A curve is given by the equation \(y = \sin (\pi \cos x)\).

Find the coordinates of all the points on the curve for which \(\frac{{{\text{d}}y}}{{{\text{d}}x}} = 0,{\text{ }}0 \leqslant x \leqslant \pi \).

\(\frac{{{\text{d}}y}}{{{\text{d}}x}} =  - \cos (\pi \cos x) \times \pi \sin x\)    M1A1

Note:     Award follow through marks below if their answer is a multiple of the correct answer.

considering either \(\sin x = 0\) or \(\cos (\pi \cos x) = 0\)     (M1)

\(x = 0,{\text{ }}\pi \)    A1

\(\pi \cos x = \frac{\pi }{2},{\text{ }} - \frac{\pi }{2}{\text{ }}\left( { \Rightarrow \cos x = \frac{1}{2}, - \frac{1}{2}} \right)\)    M1

Note:     Condone absence of \( - \frac{\pi }{2}\).

\( \Rightarrow x = \frac{\pi }{3},{\text{ }}\frac{{2\pi }}{3}\)

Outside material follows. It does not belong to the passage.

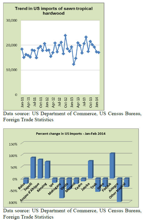 US sawn hardwood imports in February expanded to
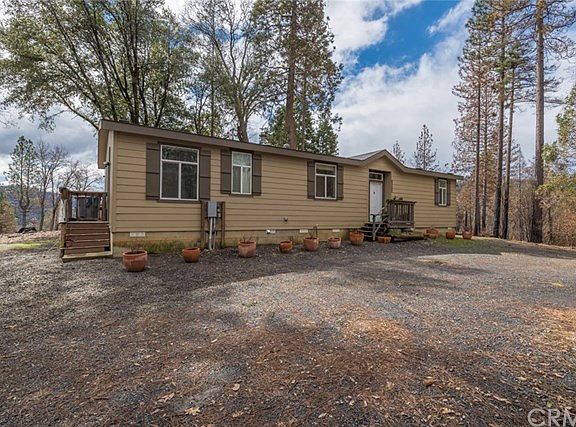 This well maintained 2012 Manufactured Home sits on 3 acres & commands a beautiful view of Concow Lake & Surrounding Mountians. The new owner will love that a new 2019 WELL has been completed! The exterior is cement board siding, it rests on a concrete foundation, and it has a great stamped and colored concrete patio and walkway. The interior is outstanding w/ an Open Floor Plan, 11Ft. Ceilings throughout, large picture windows w/ transoms & updated Laminate Flooring in every room. The kitchen is spacious & open w/ tons of wood cabinets, lots of counter space, a double stainless sink, a propane oven/range, & a huge center island that includes a vegetable sink w/ disposal. Like most every room, the master bedroom has a view of the lake & forest & includes a large walk-in closet. The master bath offers a 2-sink vanity w/ a makeup counter in between & a large, floor-to-ceiling tiled, walk-in shower. The guest bath offers a tub/shower combination. The utility/laundry room includes space for a stackable washer/dryer & room for a refrigerator or freezer. The guest bedroom has a separate entrance to the side yard. The third room is currently used as an office w/ a bookcase built into a nook & could potentially be the third bedroom. Lastly, it has Forced Air Central Heat and Air Conditioning. If you're looking for a turn-key ready home, look no further. Call today for more information.

\((0,{\text{ }}0),{\text{ }}\left( {\frac{\pi }{3},{\text{ 1}}} \right),{\text{ (}}\pi {\text{, 0)}}\)    A1

\(\left( {\frac{{2\pi }}{3},{\text{ }} - 1} \right)\)    A1

[7 marks]

This was not a straight-forward differentiation and it was pleasing to see how many candidates managed to do it correctly. Having done this they found two of the solutions, often three of the solutions, successfully. The final solution was found by only a few candidates. Again candidates lost marks unnecessarily by not close reading the question and realising that they needed both coordinates of the points, not just the \(x\)-coordinates.